The recent attacks on President Bush by two of Sports Illustrated’s writers after Pat Tillman’s death in Afghanistan, and the vicious piece by University of Massachusetts student journalist Rene Gonzalez have a curious tone to them. I thought the general consensus of the left was, “Sure, go after Al Qaida. Afghanistan makes sense. But don’t invade Iraq.” But SI’s Rick Reilly is “furious that these wars keep taking them”. And Gonzalez describes Tillman’s involvement in the war in Afghanistan as, “defending or serving his all-powerful country from a seventh-rate, Third World nation”.

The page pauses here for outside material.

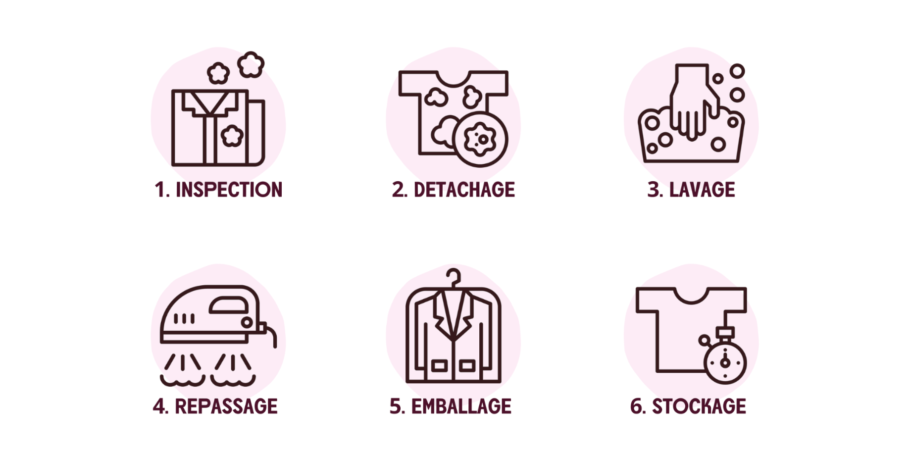 Un savoir faire haut de gamme au service d'un processus minutieux en 6 étapes. L’art de laver et d’entretenir un vêtement se transmet de génération en génération. Là où certains privilégient la quantité et risque de rendre vos vêtements avec quelques défauts, nous faisons le choix de vous fournir un service “premium”
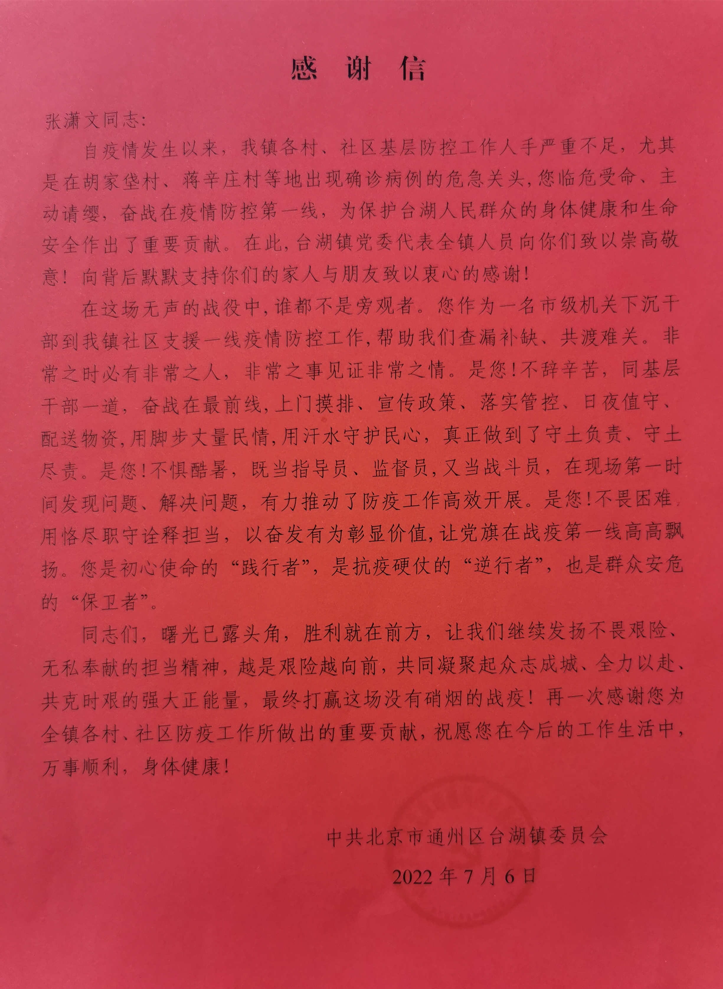 图为市政研会研究所张潇文同志下沉社区所在台湖镇党委发来的感谢信

So in their minds, I guess we should have done nothing after 9/11. But we did nothing after the WTC bombing in ’93, and the attack on the Coles in 2000, when Bill Clinton was still president. And the result was 9/11.
Nearly three years later, terror attacks are at their lowest level in 30 years. But that wouldn’t have happened if we had followed their advice.
Compare the outbursts by Reilly and Gonzalez with how the left banded together when President Clinton deployed our troops in Kosovo, and cruise missiles against Iraq. As I wrote in February of 2003:
I’ll never forget the conversation I had back around 1999 with an attorney who was an acquaintance of my wife, while we had dinner at a Los Gatos restaurant with another couple and her. A sixty-something hyper-liberal, after she had brought up (God knows how we got on the subject) the importance of liberating Kosovo, I casually mentioned that I didn’t see why it was in our national interest to get involved there. She erupted like a volcano with, “We’ve got to liberate those poor people suffering under Slobodan Milosevic!!!! Don’t you understand!!???”, Well, no. But I’ll bet any amount of money she’s against liberating the equally suffering people of Iraq, largely–if not entirely–because of who will get the credit for it.
On the other hand, as Radley Balko wrote earlier this year, doing nothing has become the left’s answer to just about everything.